The parting sheets serve primarily a structural function and are the principal leakage boundary between the hot and cold airflow streams. For the parting sheets, through-plane conductivity is important and sheets should be as thin as possible while meeting thermal, structural, and permeability requirements. Since C/C composites are inherently porous, additional processing steps must be utilized to increase the composite density. The use of thin metallic foils between the parting sheets may help to prevent leakage, but incorporates more challenges to the fabrication concern. The metallic foils must have a low coefficient of thermal expansion and high-temperature capabilities, and must meet compatibility requirements with the composite and gas Brayton system.
Channel edge closures serve a structural function by acting as load carrying members and leakage boundaries. For the conceptual recuperator design, the side- and end-walls are expected to be metallic to meet the critical permeability requirements. The composite core and metallic pressure boundary must be compatible and conform to the ASME boiler and pressure-vessel code.
Fabrication of a C/C heat exchanger core has been demonstrated for aircraft applications. Conventional core design mimics the procedure used to produce metallic heat exchangers by brazing each corrugated layer to the flat parting sheet on both the top and bottom to form a layer. Each layer is brazed together to form the core. The study showed that fin heights varied up to 6%, with only the high points attaching to the parting sheet, thus reducing structural performance. The study concluded that control over composite fabrication is essential and must be further developed.
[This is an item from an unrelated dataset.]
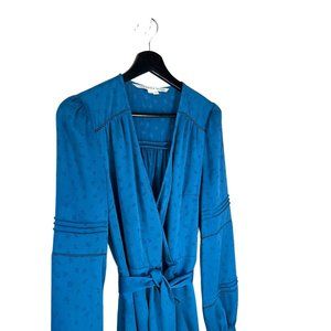 Veronica Beard Blue Miriam Waist Tie Long Sleeve Wrap Midi Dress 4
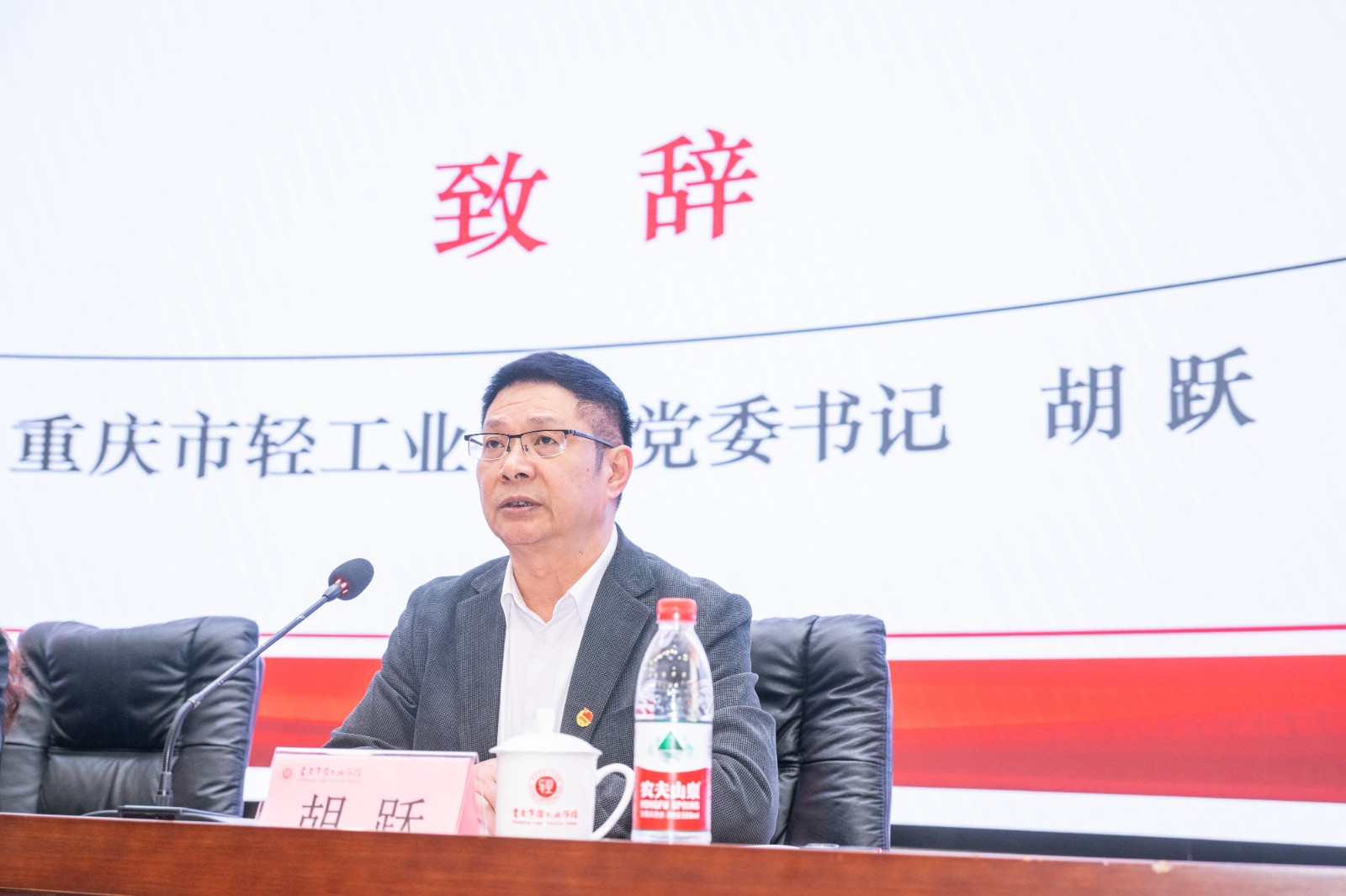 学校党委书记胡跃同志代表学校党委致辞。他指出,本次团代会是学校团员青年政治生活中的一件大事,是在“十五五”规划开局起步之年召开的一次青春盛会。他充分肯定第四届团委在思想引领、组织建设、实践育人等方面取得的显著成效,并寄语全校团员青年要坚定理想信念,练就过硬本领,勇担时代重任,将个人成长融入国家发展和学校“双优”建设大局,在技能报国的生动实践中践行“请党放心,强国有我”的青春誓言。

An innovative approach to minimize fabrication and cost, while maintaining thermal and structural performance has also been evaluated. This integral plate-fin design took advantage of the unique fabrication possibilities of C/C composite materials. Instead of processing each layer of the HX core individually and brazing them together, the integral design allows each alyer to be constructed and co-cured as an integral unit. The size of the Prometheus recuperator may prevent the use of this technology.
The study also demonstrated C/C material optimization in the HX design. Commercial materials and existing processes were used to reduce time and cost. Three standard processing methods were evaluated to give favorable properties. The high thermal conductivity process used more costly steps to produce a graphitic composite from a pitch-matrix prepreg. The structural process was less expensive and optimized mechanical properties by pyrolyzing a phenolic-matrix prepreg without graphitization. Finally, the mixed method pyrolized and graphitized a phenolic-resin prepreg to provide intermediate strength and thermal properties.
It is expected that current C/C recuperator fabrication development by Allcomp will take these problems into consideration. Innovative approaches to reduce cost and ease of fabrication may be utilized while maintaining quality.